Dezember: 100 Jahre Frauenwahl&Stimmrecht

Tote mutige Frauen werden verehrt, lebende am liebsten immer noch verbrannt. Zwar benutzt man heutzutage keine Scheiterhaufen mehr: Es genügen ein paar Medien-Männerrudel mit keifenden Antiheldinnen an ihrer Seite, um die wirklich grossen Frauenfiguren der Gegenwart zum Verstummen zu bringen. Nächstes Jahr wird meine (von Trolls copypaste-geprüften) Dissertation zur “strategischen Synthese von Geschlecht in Krieg und Politik” 20 Jahre alt. Ebenso ein Grund zu feiern wie heuer das 100jährige Frauenstimm- und wahlrecht, das in der Schweiz 2021 halb so alt werden wird.

Wohl deshalb wurden die “Jubiläen”1918 in der Schweiz ausschliesslich von Männern dirigiert, falsch narratiert und sexistisch kuratiert. Die Ausstellung “1968” war ein missglücktes Kunstspektakel der spektakulär entpolitisierten Art. Auch der “Generalstreik von 1918” spielt im Nationalmuseum die Rolle einer Kunstaktion, bestehend aus geilen Plakaten, beeindruckenden schwarz-weiss Bildern und lächerlichen Militärs (die damals nie Anlass zum Lachen boten).

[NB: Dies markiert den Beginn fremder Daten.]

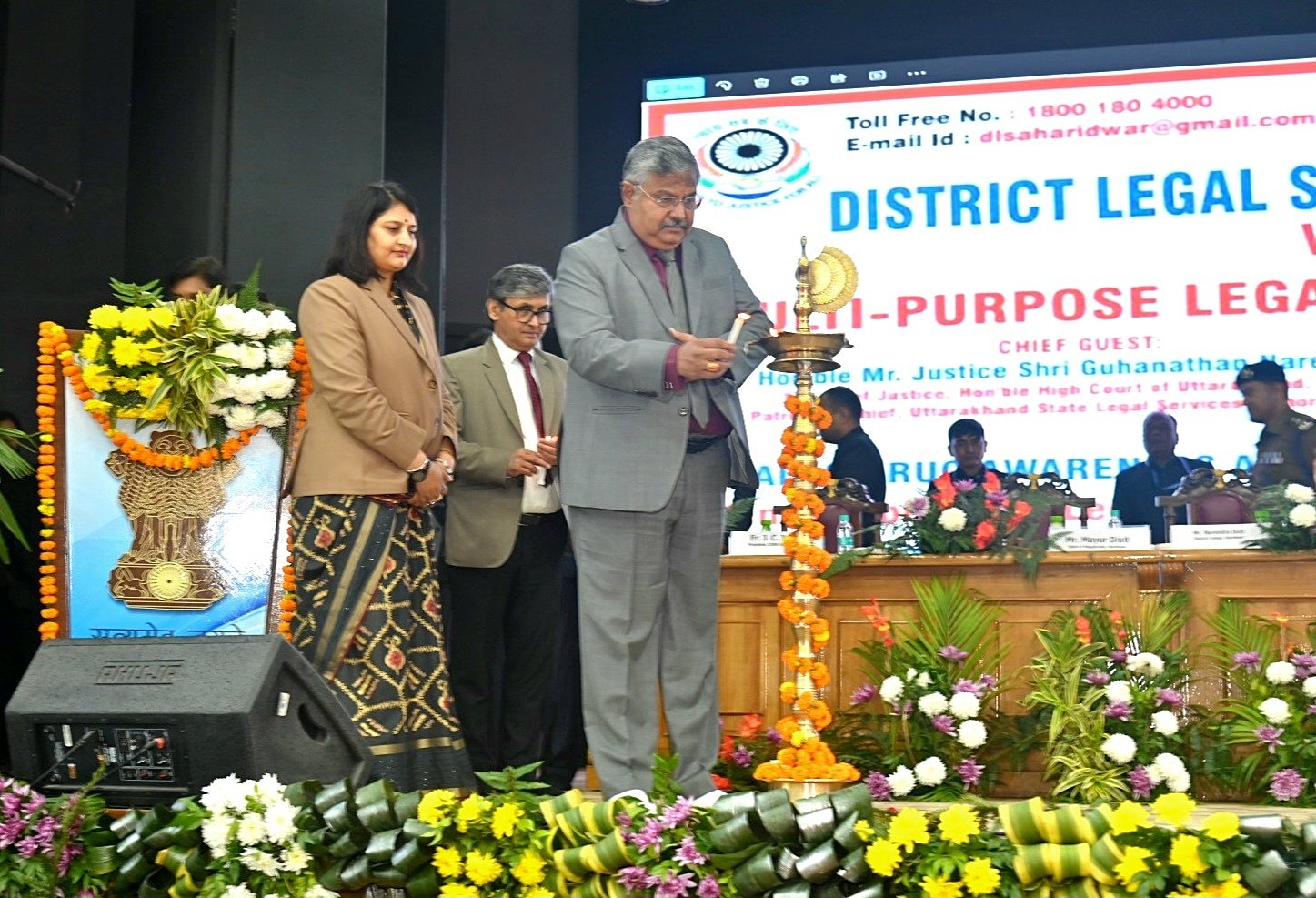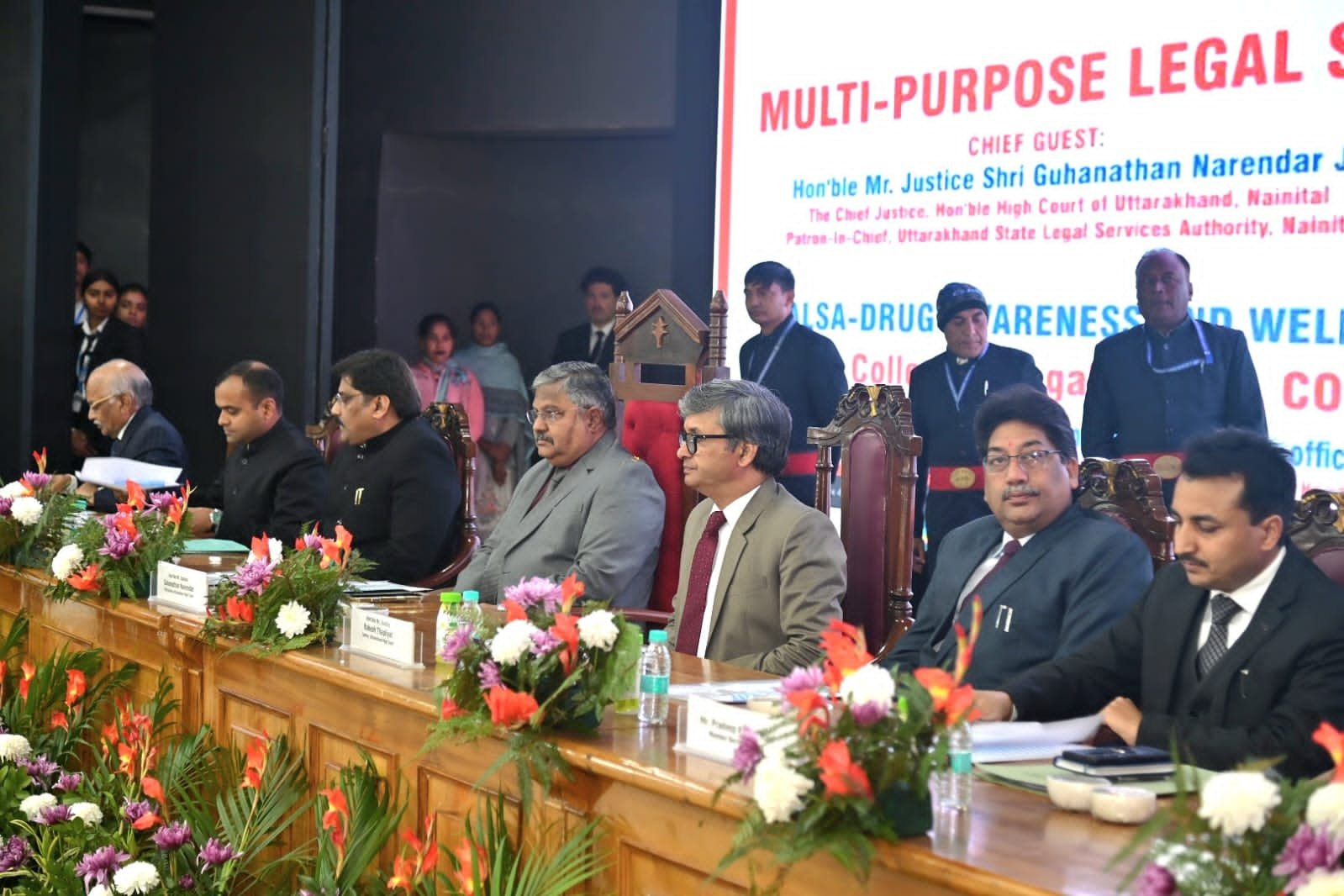 इस अवसर पर रजिस्ट्रार जनरल उत्तराखंड उच्च न्यायालय योगेश कुमार गुप्ता,न्यायधीश अजय कुमार चौधरी, एडिनेशनल डिस्ट्रिक्ट न्यायाधीश चंद्रमणि रॉय, प्रोटोकॉल विवेक श्रीवास्तव,भारत भूषण पांडे,योगेश्वर कुमार ,वरिष्ठ पुलिस अधीक्षक प्रमेंद्र डोभाल, सचिव जिला विधिक प्राधिकरण/सीनियर सिविल जज सिमरनजीत कौर, मुख्य विकास अधिकारी ललित नारायण मिश्रा, संबंधित अधिकारी ,ज्यूडिशियल के अधिकारी एवं बार एसोसिएशन के पदाधिकारी, छात्र छात्राएं एवं जिलास्तरीय अधिकारी सहित भारी संख्या में जन समूह मौजूद रहा।

Da war es sehr wohltuend, eine ganz klassische und informative Ausstellung zu 100 Jahre Wahl- und Stimmrecht in Irland zu besuchen. Frauen waren im Mittelpunkt, die Demokratie damit auch, Mode wurde nicht als Kunst, sondern im Zuge des Wandels interpretiert: Alles ohne Schnörkel, ohne Pathos, doch mit vielen Einblicken in die Komplexität von Frauenhass und Frauenbefreiung.

Die Ausstellung “Women in Politics and Public Life, from 1918 to 2018” ist noch bis 3. Februar 2019 in Dublin Castle zu sehen.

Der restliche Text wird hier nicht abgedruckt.